──────── Input data

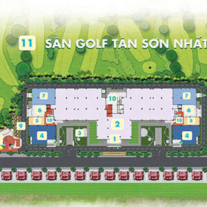1. Sảnh thương mại | 2. Khu thương mại | 3. Công viên nội khu | 4. Khu dịch vụ | 5. Sảnh quản lý dự án | 6. Sảnh chung cư | 7. Khu làm việc cộng đồng | Khu vui chơi trẻ em | 9. Bãi đậu xe hơi | 10. Khu kỹ thuật | 11. Sân golf Tân Sơn Nhất
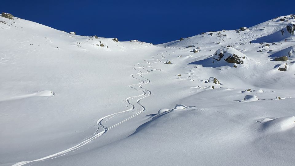 Ein perfekter Tourentag, Route gespurt, genauso wie Aug der SwissMap eingezeichnet. Aber Achtung: es hat wenig bis keine Unterlage und der etwas glatt gebratene Pulverschnee ist verlockend. Man muss wirklich absolut in den Mulden fahren und jedem noch so kleinen Buckel im Schnee ausweichen - die Skis danken es dir. Mit etwas Gespür findet man aber schon schöne Hänge ?
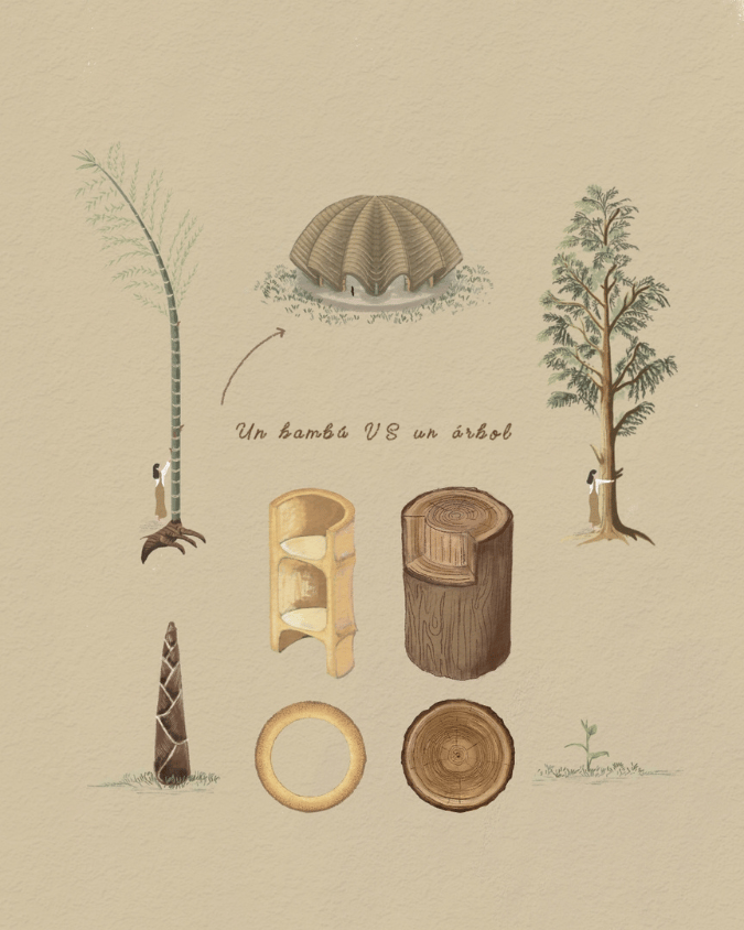 🌳Árbol: Los árboles también secuestran carbono y ofrecen importantes beneficios ambientales, pero su ciclo de vida más largo y crecimiento más lento los hacen menos eficientes en comparación con el bambú en términos de captura de carbono en un período corto.
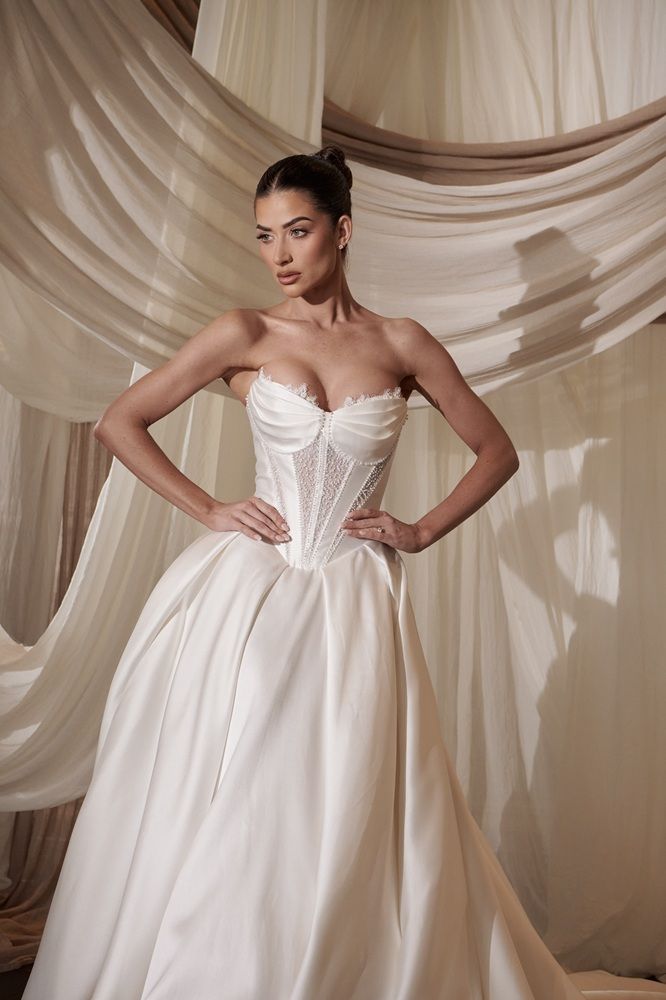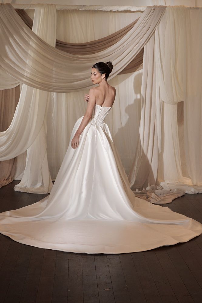 Regal satin wedding dress with pearl decorated top and volumed skirt.
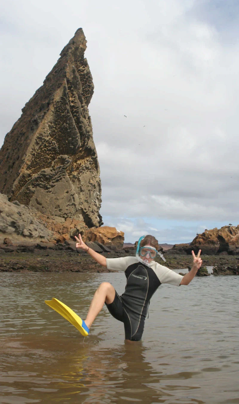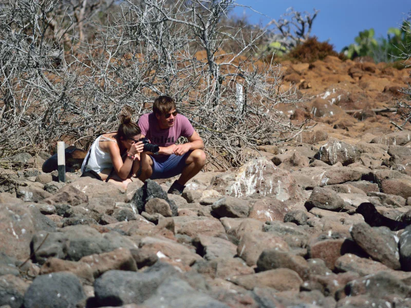 Prepare yourself for one of the best days of this trip! After sailing for 45 minutes from Puerto Villamil, we will reach Cape Rosa on the western side of the island. This is one of the most beautiful and amazing places nature has bestowed upon humankind. Here we can walk over the connected lava tunnels surrounded by the crystal sea waters.
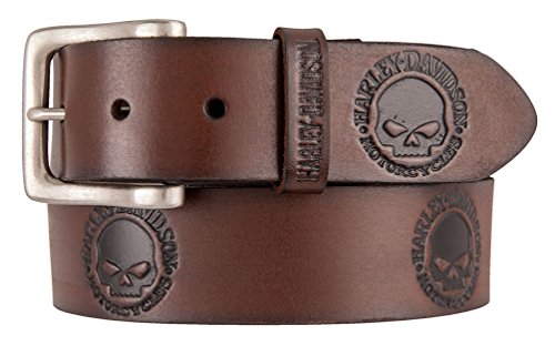 Studio : Lodis Publisher : Lodis Binding : Apparel Product Description Harley-Davidson® Men's Willie's World Belt, HDMBT11333-BRN. Not an inch of faux leather on this belt! Made of high-quality brown Genuine leather with a smooth texture. Decked out with famous embossed Willie G Skull logos. Interchangeable buckle gives you the flexibility to swap for another Harley-Davidson® belt buckle depending on your mood that day. Standard width: 1.5". Nickle finish buckle. Excellent quality leather belt, made for those bikers who want the best of everything! HDMBT11333-BRN 0
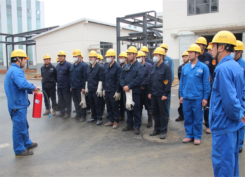 这是压型分厂正在举行的消防应急安全演练的现场。为了保证压型导热油煮油调试过程中突发意外事件时能得到及时有效地处理,增强员工防御火灾事故能力和自救能力,避免事态扩大造成人员伤亡及财产损失,眉山蓉光举行了以“安全发展防治结合”为主题的消防应急安全演练,压型分厂、石墨化分厂、安全环保部和保卫部员工代表参加演练。
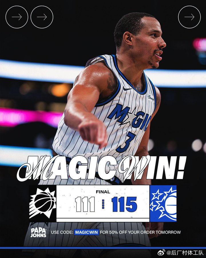 魔术115-111战胜太阳, 贝恩关键进球锁定胜局,同时湖人提前锁定季后赛。数据方面,贝恩21分6板5助、萨格斯20分8板7助4断、班凯罗19分9板8助;太阳方面,布克34分3板7助、奥尼尔14分9板4助、弗莱明11分4板。
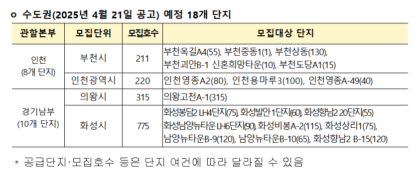 자세한 사항은 LH청약플러스(apply.lh.or.kr)에 게시된 단지별 공고문을 통해 확인할 수 있으며, LH콜센터(1600-1004)를 통한 전화상담도 가능합니다.
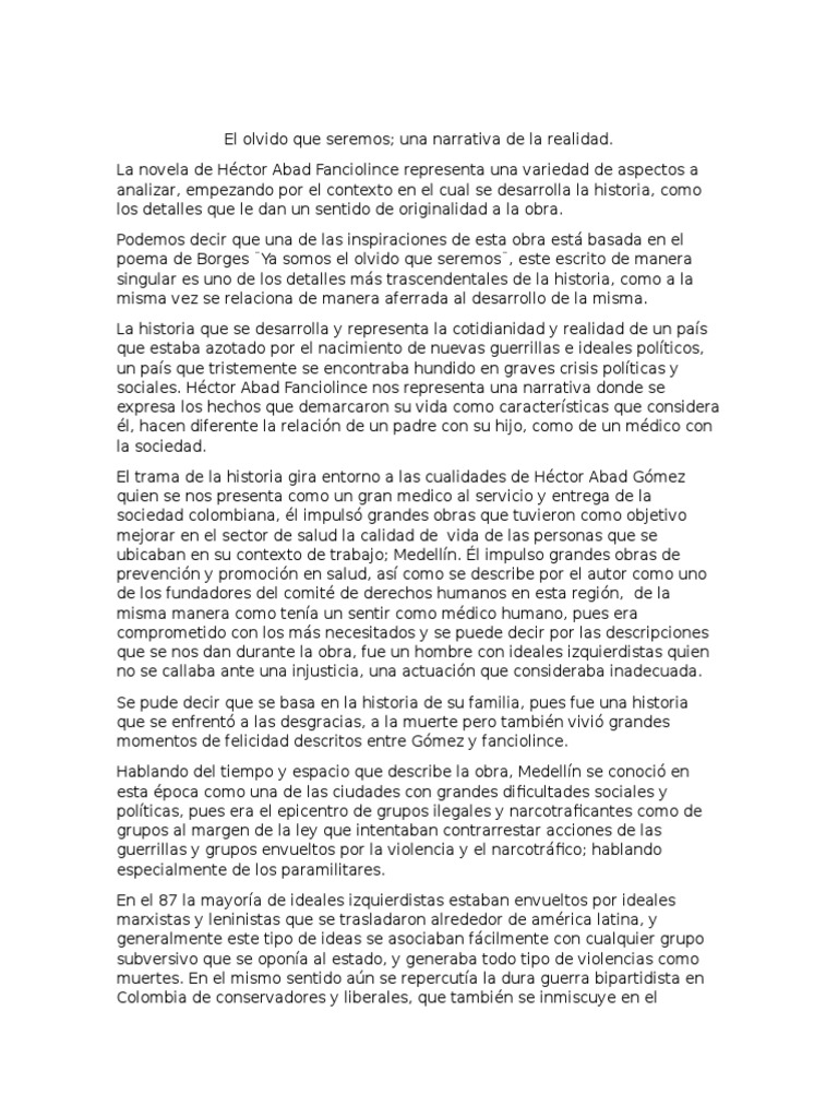 Este libro trata de la relación de padre e hijo, muestra que el padre de hector abad faciolince, fue un hombre generoso. El olvido que seremos es la reconstrucción amorosa, paciente y detallada de un personaje. Sinopsis de el olvido que seremos t.d.: El olvido que seremos es una novela testimonial del escritor colombiano héctor abad faciolince. Está lleno de sonrisas y canta el placer de vivir, pero muestra también la tristeza y la rabia que provoca ahora será también difícil olvidar este libro desgarrador de héctor abad faciolince escrito con valor y ternura.

────────────────

__Task to complete__.
Reproduce the entries above exactly, though not their pictures.

__Task output__.
1. Sảnh thương mại | 2. Khu thương mại | 3. Công viên nội khu | 4. Khu dịch vụ | 5. Sảnh quản lý dự án | 6. Sảnh chung cư | 7. Khu làm việc cộng đồng | Khu vui chơi trẻ em | 9. Bãi đậu xe hơi | 10. Khu kỹ thuật | 11. Sân golf Tân Sơn Nhất
 Ein perfekter Tourentag, Route gespurt, genauso wie Aug der SwissMap eingezeichnet. Aber Achtung: es hat wenig bis keine Unterlage und der etwas glatt gebratene Pulverschnee ist verlockend. Man muss wirklich absolut in den Mulden fahren und jedem noch so kleinen Buckel im Schnee ausweichen - die Skis danken es dir. Mit etwas Gespür findet man aber schon schöne Hänge ?
 🌳Árbol: Los árboles también secuestran carbono y ofrecen importantes beneficios ambientales, pero su ciclo de vida más largo y crecimiento más lento los hacen menos eficientes en comparación con el bambú en términos de captura de carbono en un período corto.
 Regal satin wedding dress with pearl decorated top and volumed skirt.
 Prepare yourself for one of the best days of this trip! After sailing for 45 minutes from Puerto Villamil, we will reach Cape Rosa on the western side of the island. This is one of the most beautiful and amazing places nature has bestowed upon humankind. Here we can walk over the connected lava tunnels surrounded by the crystal sea waters.
 Studio : Lodis Publisher : Lodis Binding : Apparel Product Description Harley-Davidson® Men's Willie's World Belt, HDMBT11333-BRN. Not an inch of faux leather on this belt! Made of high-quality brown Genuine leather with a smooth texture. Decked out with famous embossed Willie G Skull logos. Interchangeable buckle gives you the flexibility to swap for another Harley-Davidson® belt buckle depending on your mood that day. Standard width: 1.5". Nickle finish buckle. Excellent quality leather belt, made for those bikers who want the best of everything! HDMBT11333-BRN 0
 这是压型分厂正在举行的消防应急安全演练的现场。为了保证压型导热油煮油调试过程中突发意外事件时能得到及时有效地处理,增强员工防御火灾事故能力和自救能力,避免事态扩大造成人员伤亡及财产损失,眉山蓉光举行了以“安全发展防治结合”为主题的消防应急安全演练,压型分厂、石墨化分厂、安全环保部和保卫部员工代表参加演练。
 魔术115-111战胜太阳, 贝恩关键进球锁定胜局,同时湖人提前锁定季后赛。数据方面,贝恩21分6板5助、萨格斯20分8板7助4断、班凯罗19分9板8助;太阳方面,布克34分3板7助、奥尼尔14分9板4助、弗莱明11分4板。
 자세한 사항은 LH청약플러스(apply.lh.or.kr)에 게시된 단지별 공고문을 통해 확인할 수 있으며, LH콜센터(1600-1004)를 통한 전화상담도 가능합니다.
 Este libro trata de la relación de padre e hijo, muestra que el padre de hector abad faciolince, fue un hombre generoso. El olvido que seremos es la reconstrucción amorosa, paciente y detallada de un personaje. Sinopsis de el olvido que seremos t.d.: El olvido que seremos es una novela testimonial del escritor colombiano héctor abad faciolince. Está lleno de sonrisas y canta el placer de vivir, pero muestra también la tristeza y la rabia que provoca ahora será también difícil olvidar este libro desgarrador de héctor abad faciolince escrito con valor y ternura.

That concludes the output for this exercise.